The vote has also drawn significant attention to the issue of medical marijuana within North Carolina as a whole, where pro-cannabis advocates have been attempting to get the issue passed in the legislature for several years. A successful 'yes' vote has been described by the University of North Carolina at Chapel Hill's radio station, WUNC, as having the potential to impact the issue of cannabis across the entirety of North Carolina, due to the attention that has been placed on the referendum by state and local leaders. On the vote, PBS North Carolina director Kelly McCullen asked, "Is that the camel's nose under the tent?" in reference to how the vote, although amongst a small group, may signal bigger changes for the rest of the state for marijuana.

Principal Chief-elect Michell Hicks has planned to restrict the usage of cannabis in the proximity of schools in light of the referendum's passing. Revenue from legal cannabis sales is expected to be used to fund areas such as housing, healthcare, education, and elderly dental care, among others.

=== Potential issues ===
Certain challenges are posed due to the unique legal and geographic situation of the Qualla Boundary.

==== Legal issues ====
The facility which the EBCI has established to grow cannabis is located in an enclave surrounded by land that the State of North Carolina has jurisdiction over. In order to deliver cannabis products to the EBCI's dispensary, employees of Qualla Enterprises would have to leave tribal land, constituting a violation of state law. This issue has drawn the attention of Swain County Sheriff Curtis Cochran, issuing a warning, stating:

“I have had several conversations with the chief, tribal attorney general, and others about the transportation of the cannabis from the Coopers Creek location back onto tribal property. I stated that until North Carolina changes the law, that it is still illegal to possess or transport marijuana on the highway.”

North Carolina Attorney General Josh Stein declined to intervene in the matter, stating “This is an issue that the tribe and local law enforcement will need to work out.”

==== Fiscal responsibility and transparency ====
Tribal chief Richard Sneed expressed concerns over the fiscal impact of the cannabis farm, as Qualla Enterprises has not disclosed how it has spent the $31 million allocated to it to begin business operations. His office noted significant discrepancies in the costs of materials Qualla Enterprises has used and the money that Qualla Enterprises has spent.

==== Preparedness ====
Sneed, although in support of the decision of the tribe, additionally expressed concern over whether the EBCI was ready for recreational marijuana, as the tribe had not yet finished fully setting up their medical marijuana program. In a statement to NBC News, Sneed said, "I feel like we’re putting the cart before the horse jumping straight to adult use having not even had the experience of running a dispensary under a medical program."
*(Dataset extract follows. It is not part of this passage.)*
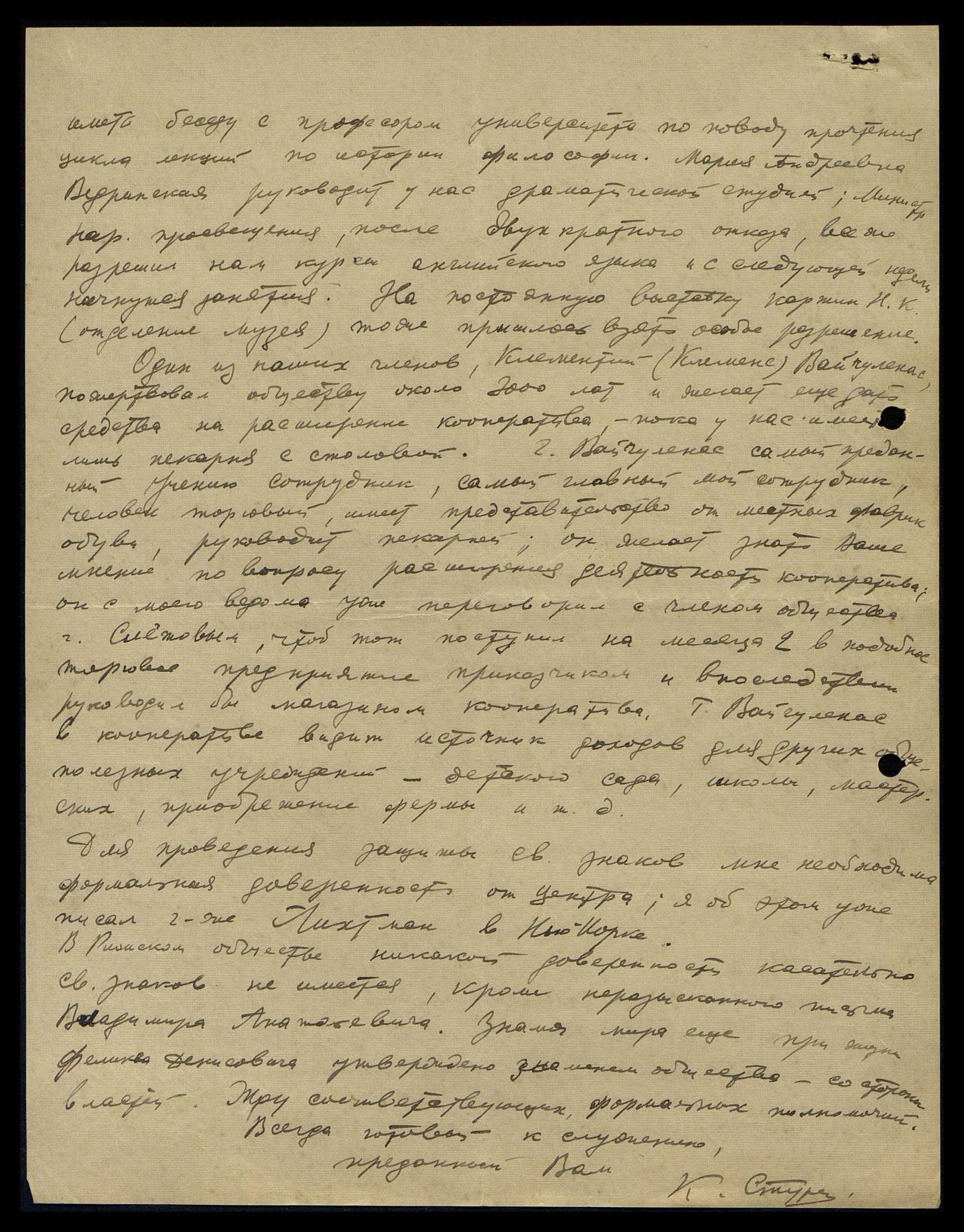 У нас сейчас условия неблагоприятные для основания новых организаций; многие существующие закрываются как нежелательные; я пока получаю разрешение на заседания секций и на чтение рефератов, благодаря личным знакомствам и престижу общества имени Н.К.

==== Proper regulation ====
2023 Principal Chief election candidate Michell Hicks expressed concerns about whether regulations would be implemented to keep the drug away from children, although he supported the measure.

== Reactions ==

=== U.S. Armed Forces officials ===
- Moe Davis, former Air Force official, military prosecutor, and candidate for U.S. House, released a post on Twitter, rebuking Rep. Chuck Edwards' position on the referendum and characterizing the results of the referendum as a rebuke of Edwards' position as well.
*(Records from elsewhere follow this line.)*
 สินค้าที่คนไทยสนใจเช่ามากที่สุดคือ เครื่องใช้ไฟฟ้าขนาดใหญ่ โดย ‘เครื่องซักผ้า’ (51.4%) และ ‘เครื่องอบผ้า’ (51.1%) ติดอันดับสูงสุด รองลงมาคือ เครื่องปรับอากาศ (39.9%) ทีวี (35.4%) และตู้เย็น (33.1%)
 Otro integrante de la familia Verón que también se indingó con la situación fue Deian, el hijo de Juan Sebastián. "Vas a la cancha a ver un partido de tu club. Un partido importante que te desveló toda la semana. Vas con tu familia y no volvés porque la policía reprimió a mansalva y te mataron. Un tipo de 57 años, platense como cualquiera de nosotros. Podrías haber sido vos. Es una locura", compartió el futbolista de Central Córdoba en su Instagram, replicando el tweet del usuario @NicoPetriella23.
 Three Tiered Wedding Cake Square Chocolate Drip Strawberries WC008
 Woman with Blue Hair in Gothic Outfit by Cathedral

=== North Carolina state representatives ===

- Sarah Crawford, Member of the North Carolina House of Representatives from the 66th district, stated on PBS North Carolina's television program State Lines that the EBCI's vote on legalization was on the boundary of affecting the entire state.
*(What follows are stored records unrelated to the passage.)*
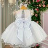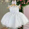 Confeccionado em tecido misto possui forro em poliéster e algodão para não incomodar a criança e proporcionando um caimento incrível e sofisticado, possui gola redonda, comprimento médio, mangas curtas, possui elástico nas costas para melhor ajuste, acabamento com lindo laço na parte posterior do vestido completa o look dos sonhos! BATIZADO,DAMINHA,CASAMENTO,NOIVA,NOIVINHA,DAMA DE HONRA,FLORISTA,DAMA * Medidas podem variar em até 4cm. * Caso queira o vestido mais armado, recomendamos o uso do saiote ou anágua de armação, disponível no nosso site na categoria acessórios. * Tiara vendida separadamente, disponível em nosso site na categoria acessórios. * Calçados vendido separadamente, disponível em nosso site na categoria calçados. * LEMBRANDO QUE PODERA HAVER VARIAÇÃO DE TONALIDADE DO PRODUTO DEPENDENDO DA TELA DO SEU DISPOSITIVO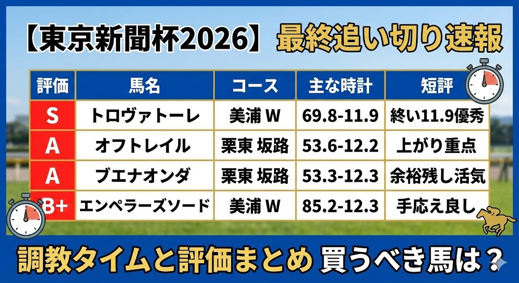 東京新聞杯2026 最終追い切り速報 調教タイムと評価まとめ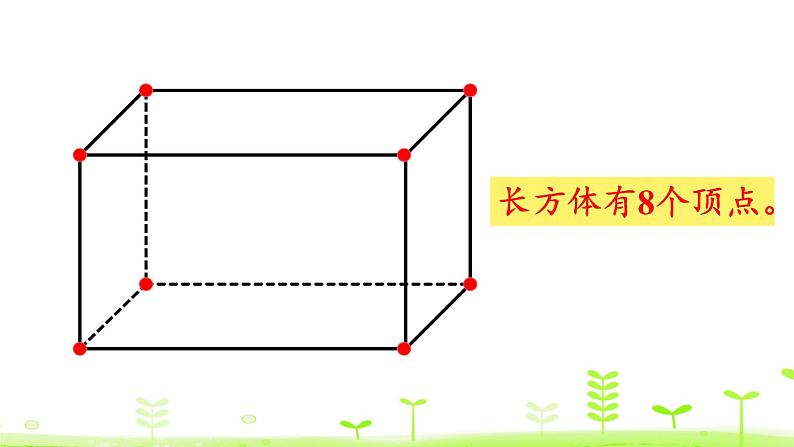 相交于一个顶点的三条棱的长度分别叫做长方体的长、宽、高。长方体的 12 条棱中有 4 条长、4 条宽和 4 条高,它们的长度分别相等。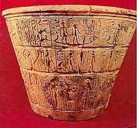 Clessidra ad acqua egizia del XV – XIV secolo a.C. trovata a Karnak. Museo del Cairo. Si tratta del vaso inferiore che, ha vari segni che indicano il livello dell’acqua.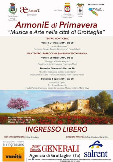 Venerdì 21 marzo p.v., alle ore 20:00, presso il Teatro Monticello di Grottaglie avrà inizio la rassegna musicale organizzata dall’Associazione Artistico Culturale Musicale ArmoniE, patrocinata dall’Amministrazione Comunale di Grottaglie, Assessorato alla Cultura e Turismo, con il patrocinio morale dell’Assessore al Mediterraneo-Cultura-Turismo della Regione Puglia, Provincia di Taranto e di Puglia Events.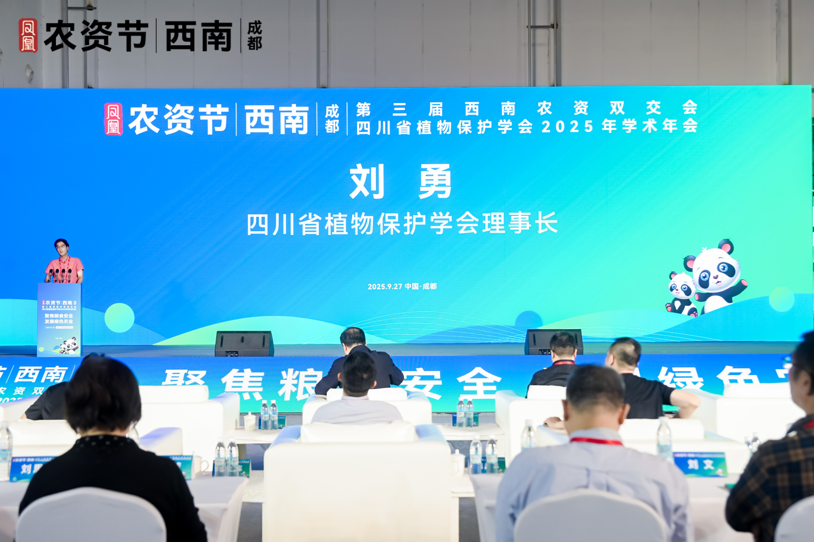 9月27日,学会2025年学术年会与“第三届西南农资双交会”同期在成都中国西部国际博览城启幕。本届学术年会以“聚焦粮食安全,发展绿色农业”为核心主题,由四川省植物保护学会、中国农业技术推广协会联合主办,重庆、四川多地行业协会协办,搭建起集科技展示、学术交流、产销对接等一体化平台。中国农业技术推广协会会长陈生斗、四川省植物保护学会理事长刘勇、重庆市种子站(植物保护站)副站长郭伦,以及土壤肥料专家高祥照等行业领导、专家学者、企业代表与媒体出席活动。

=== Local government institutions ===

- Jackson County, which the EBCI is partially located within, had its sheriff's office state that they would likely not place any additional focus on cannabis enforcement in light of the referendum. On tribal land, the Jackson County Sheriff's Office has no authority.

=== Tribal and local officials ===

- Tribal councilmember Teresa McCoy published a statement, reading: "To those of you who supported the Cannabis project, thank you for educating yourselves and voting! You listened, paid attention and you are ready for change in our own town!”